ولا يسبع منه العلما ء : setiap
para ulama’ mengetahui tentang hakekat sesuatu yang terdapat dalam Al
Qur’an, mereka akan rindu sekali akan bacaan hakekat yang lainya
sehingga tidak akan merasa puas dan bosan.
ولا تلتبس به الا لسن ة : lidahnya orang mu’min tidak merasa sulit dalam mengucapkannya walaupun bukan orang arab.

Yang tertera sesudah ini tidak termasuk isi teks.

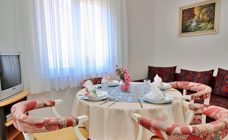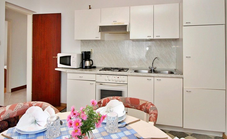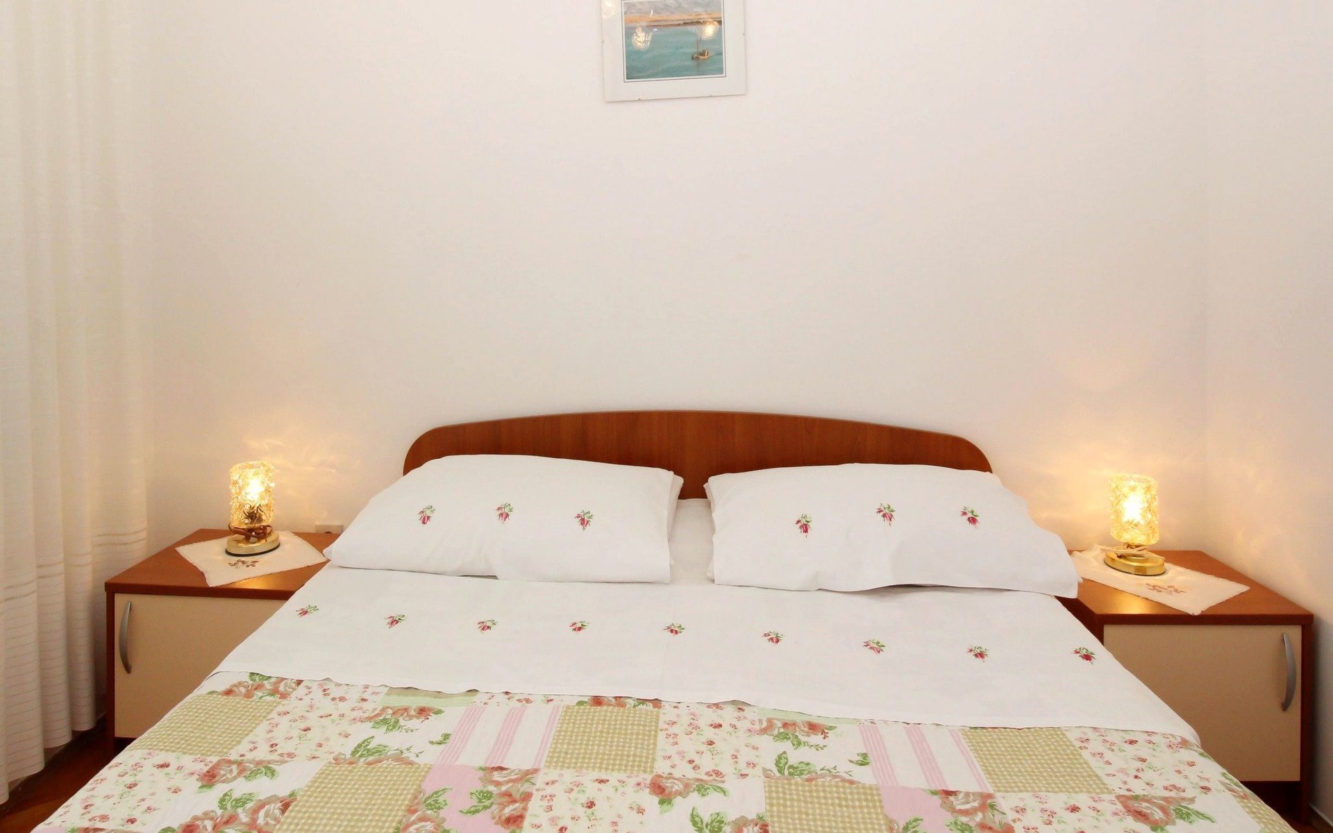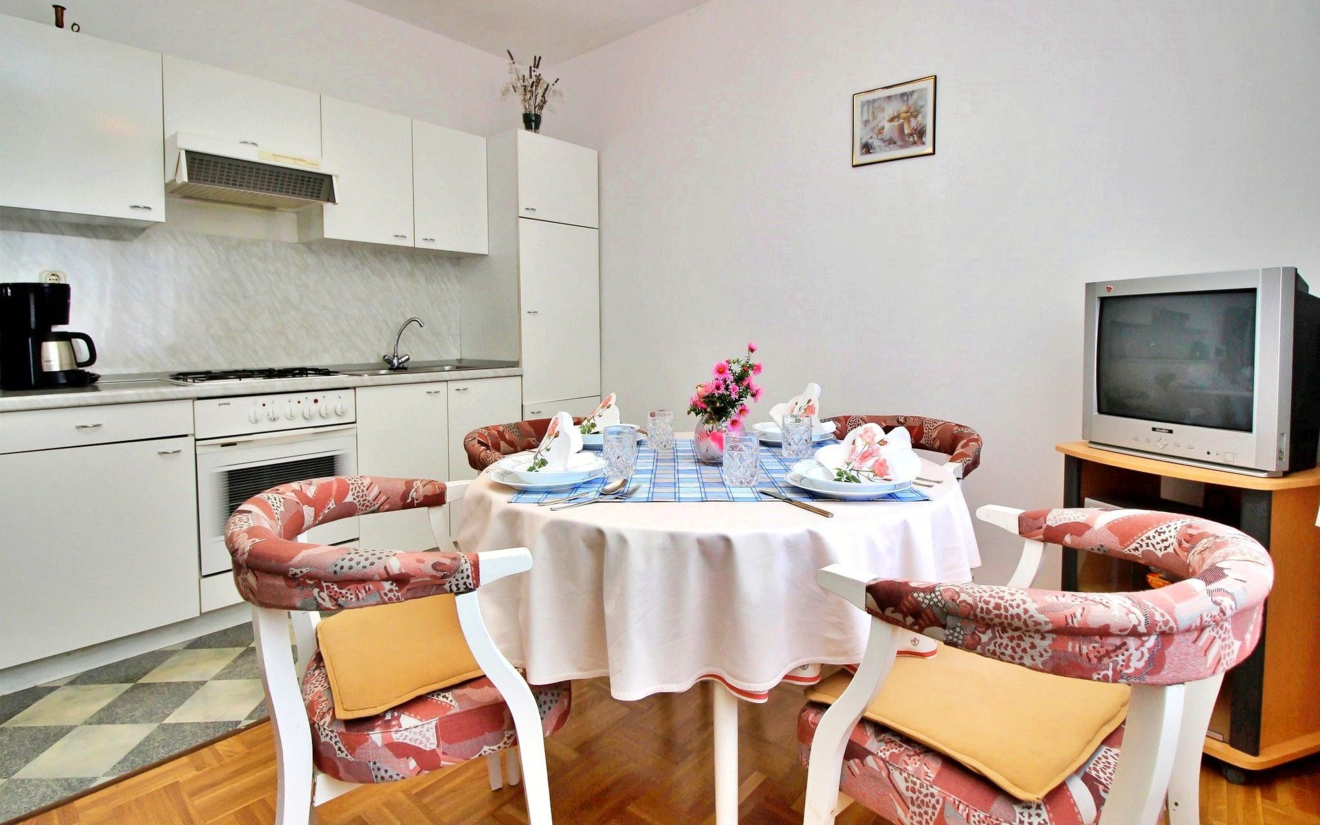 The flat has a spacious 20 m2 terrace with stunning sea views, complete with a portable barbecue for your outdoor meals. Amenities such as air conditioning, Wi-Fi and a private parking space are included in the price.
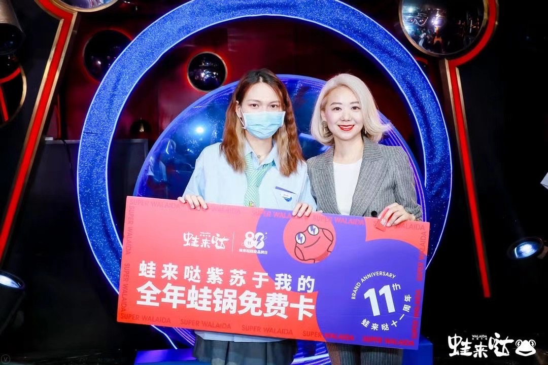 蛙來噠超級品牌日派對上,由蛙來噠董事長羅清親自為“2021年度蛙粉”獲得者頒獎,同時抽取了“蛙來噠全年免排隊卡”以及“蛙來噠全年蛙鍋免費(fèi)卡”等蛙來噠品牌日專屬大獎,將品牌日的氛圍推向高潮。
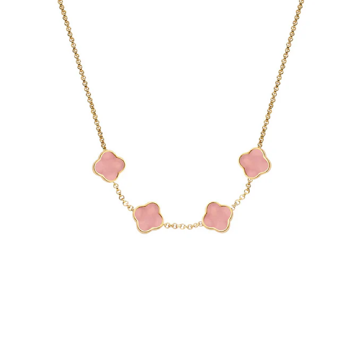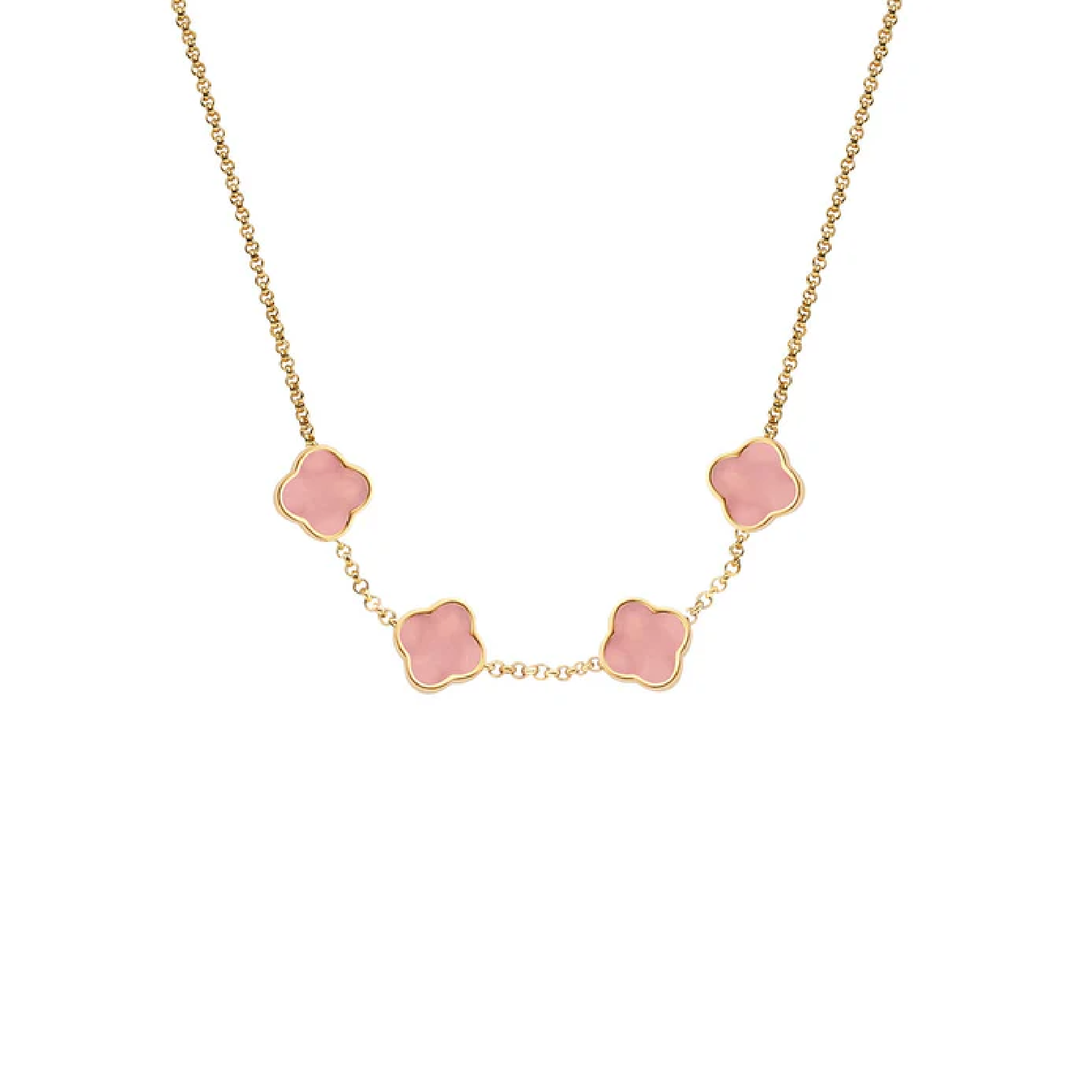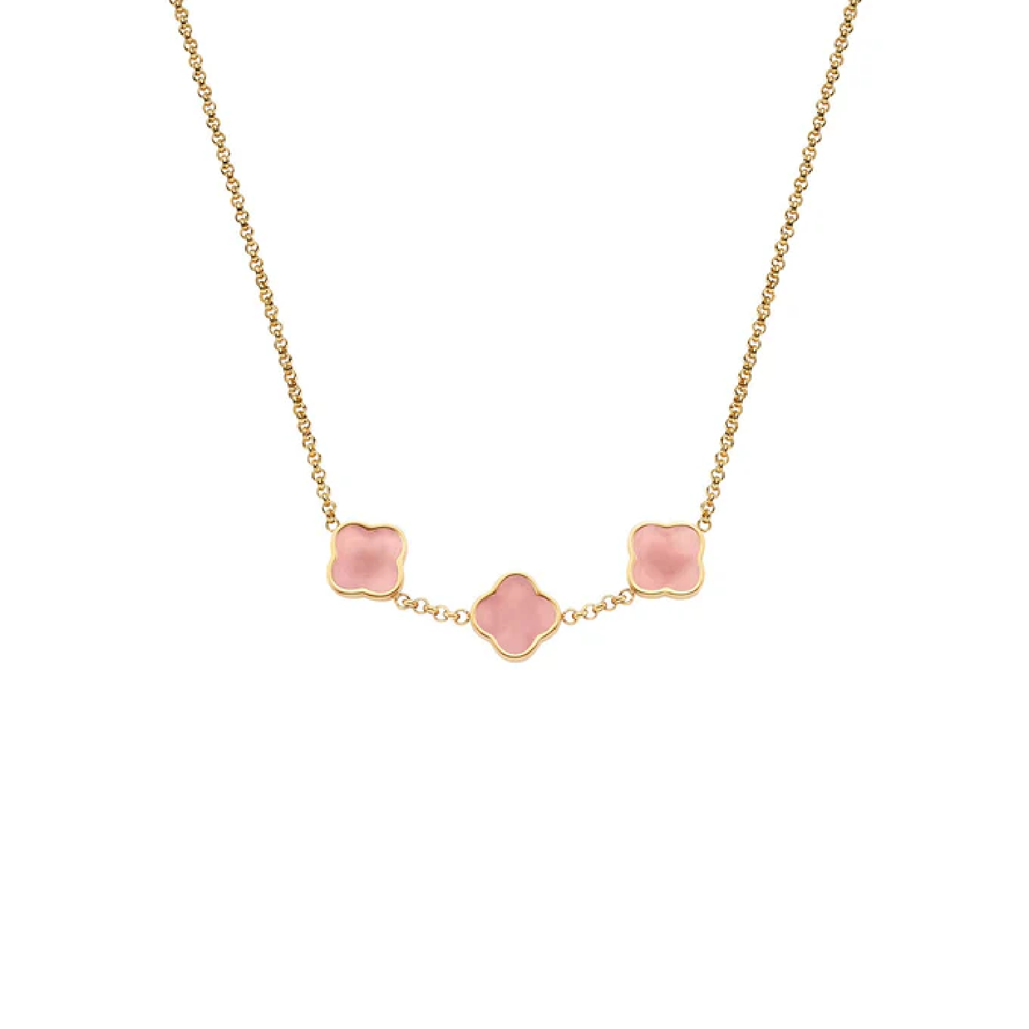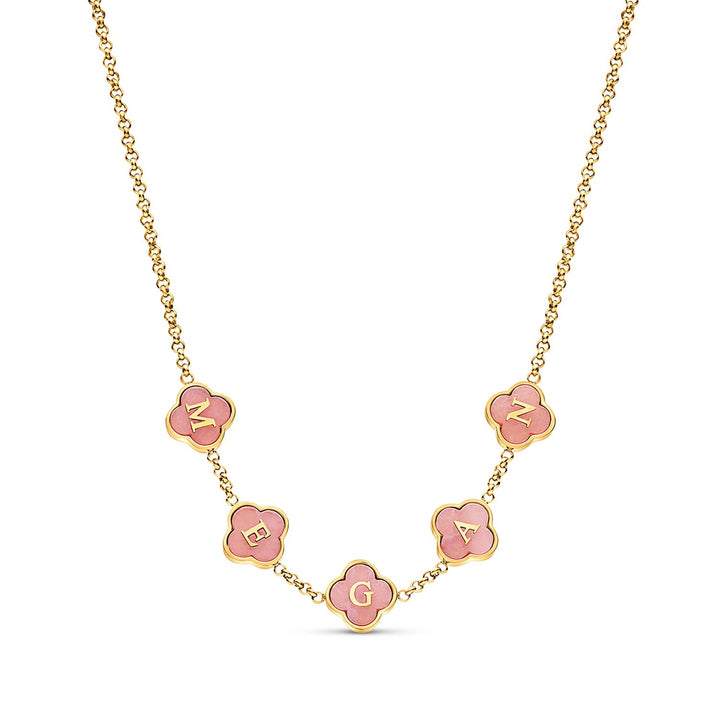 Rose Quartz Clover Custom Name Necklace (Gold)
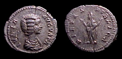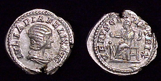 SILVER Denarius - 198 AD, Julia Domna - Wife of Septimus Severus Hilaritas Historical Context: See above "Historical Context." In addition, she was one of the most powerful women to serve Rome. She engineered the accession of her nephews after the deaths of her sons, Geta and Caracalla. Obv: Julia Domna BUY NOW $69.95 plus shipping
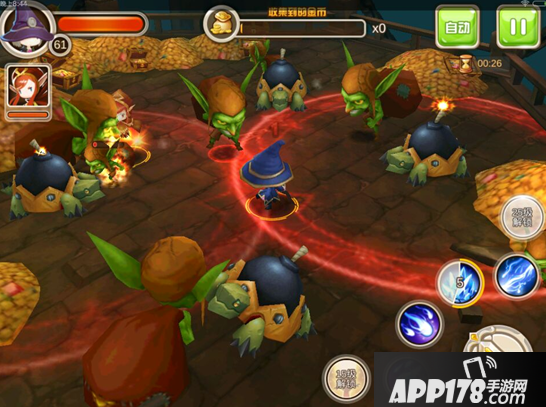 看,上图中茫茫多的哥布林,有大有小,一脸欠揍的样子,各位守护者只需要将技能对准他们哐哐哐一顿放就好了呢!然后海量金币就会噗噗噗的进入各位的钱包了呢!不过需要小心的是,看到地图中背着炸弹的乌龟了没,他们会自爆的哟,被炸到会损失很多血量的哟!各位一定要注意走位哟!
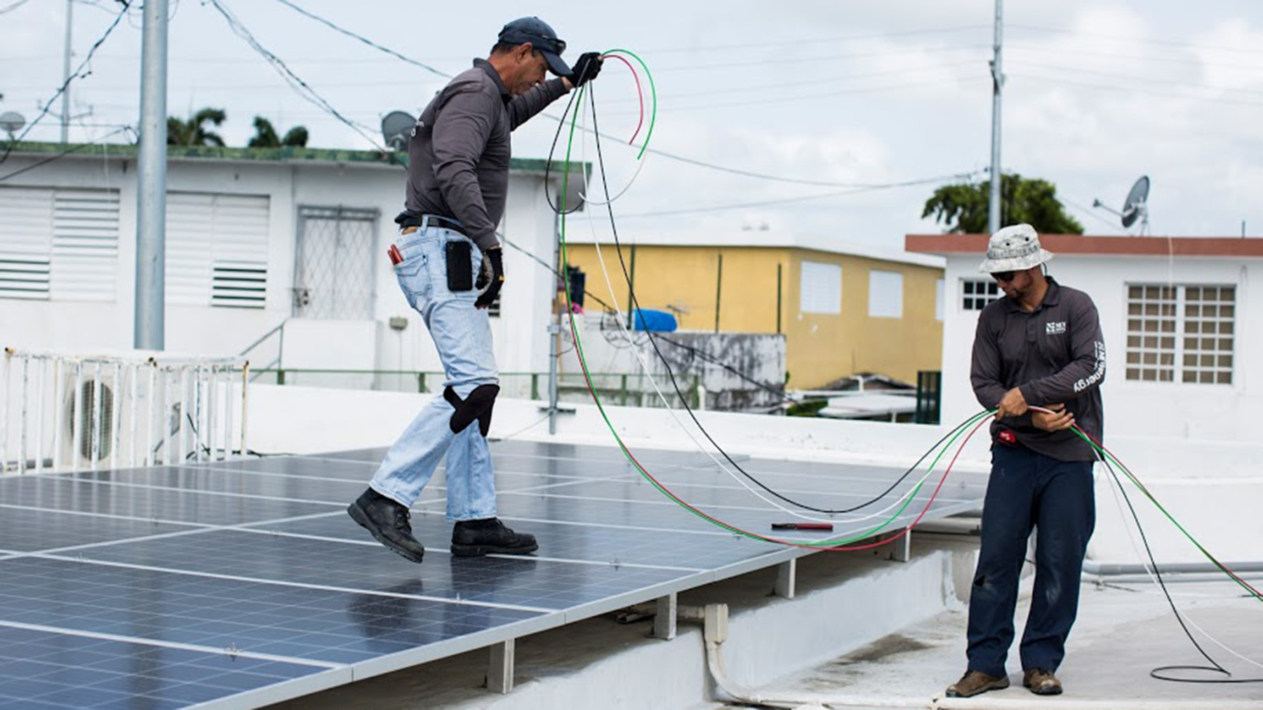 From left, brothers Luis Montalvo and Jared Montalvo install a solar power system at Clínica Iella in San Juan, Puerto Rico, on July 5, 2018. Solar power can keep a clinic operational during a disaster and protect vital medicines. The need for alternative power sources became evident after Maria wiped out power for months.(Erika P. Rodriguez/Direct Relief)

لا تز يع به الا هوي : dengan dhomir muanas dan mudzakar artinya tidak akan menjadi ahli bid’ah dan orang yang tersesat.[2]
F. Aspek Tarbawi
Pendidikan
islam adalah proses transformasi dan internalisasi ilmu pengetahuan dan
nilai-nilai islam pada peserta didik melalui pertumbuhan dan
pengembangan potensi fitrah nya mencapai keseimbangan dan kesempurnaan
hidup dalam segala aspek.
Fungsi
Al-Qur’an adalah sebagai petunjuk, sebagai penerang jalan hidup,
pembeda antara yang benar dan salah, penyembuh penyakit hati, nasehat
dan sumber informasi sebagai sumber informasi Al-Qur’an mengajarkan
banyak hal pada manusia dari persoalan keyakinan, moral, prinsip-prinsip
ibadah dan muamalah sampai kepada asas-asas ilmu pengetahuan.
Mengenai
ilmu pengetahuan, Al-Qur’an memberikan wawasan dan motivasi kepada
manusia untuk memperhatikan dan meneliti akan sebagai manivestasi
kekuasaan Allah, dari hasil pengkajian dan penelitian fenomena alam
kemudian melahirkan ilmu pengetahuan.
Al-Qur’an
tidak hanya sebagai petunjuk bagi suatu umat tertentu dan untuk periode
waktu, tertentu melainkan menjadi petunjuk yang universal dan sepanjang
waktu. Al-Qur’an adalah aksis bagi setiap zaman dan tempat. Petunjuknya
sangat luas, seperti luasnya umat manusia dan meliputi segala aspek
kehidupannya.
Proses
aktualisasi nilai-nilai Al-Qur’an dalam pendidikan meliputi tiga
dimensi kehidupan yang harus dibina dan dikembangkan oleh pendidikan
diantaranya :
1. Dimensi spiritual yaitu iman, taqwa dan akhlak mulia yang tercermin dalam ibadah dan muamalah
2. Dimensi budaya, kepribadian yang mantap bertanggung jawab, kemasyarakatan dan kebangsaan
3. Dimensi
kecerdasan yang membawa pada kemajuan yaitu cerdas, kreatif, terampil,
disiplin, etos kerja, profesional, inovatif dan produktif
PENUTUP
Al-Qur’an
merupakan firman Allah yang dijadikan pedoman hidup kaum muslim yang
tidak ada lagi keraguan didalamnya. Al-Qur’an sebagai sumber ilmu
pengetahuan dapat melahirkan berbagai macam aspek limu-ilmu, bukan hanya
ilmu pengetahuan dan ilmu keislaman saja tetapi juga teknologi karena
semakin intensif manusia menggali ayat-ayat al-Qur’an maka akan semakin
banyak pula isyarat keilmuan yang didapatkan. Proses aktualisasi
nilai-nilai Al-Qur’an dalam pendidikan meliputi tiga dimensi kehidupan
yang harus dibina dan dikembangkan oleh pendidikan diantaranya :
1. Dimensi spiritual yaitu iman, taqwa dan akhlak mulia yang tercermin dalam ibadah dan muamalah
2. Dimensi budaya, kepribadian yang mantap bertanggung jawab, kemasyarakatan dan kebangsaan
3. Dimensi
kecerdasan yang membawa pada kemajuan yaitu cerdas, kreatif, terampil,
disiplin, etos kerja, profesional, inovatif dan produktif
DAFTAR PUSTAKA
Abdurrahman, Muhammad. Tuhfatul Akhwadzi ( Syarah Tirmidzi ) Juz 7. (Beirut : Darul Fikri ).
Zuhri, Ahmad. 1992. Sunan At-Tirmidzi. Juz IV. Semarang: CV. Asy-Syifa’.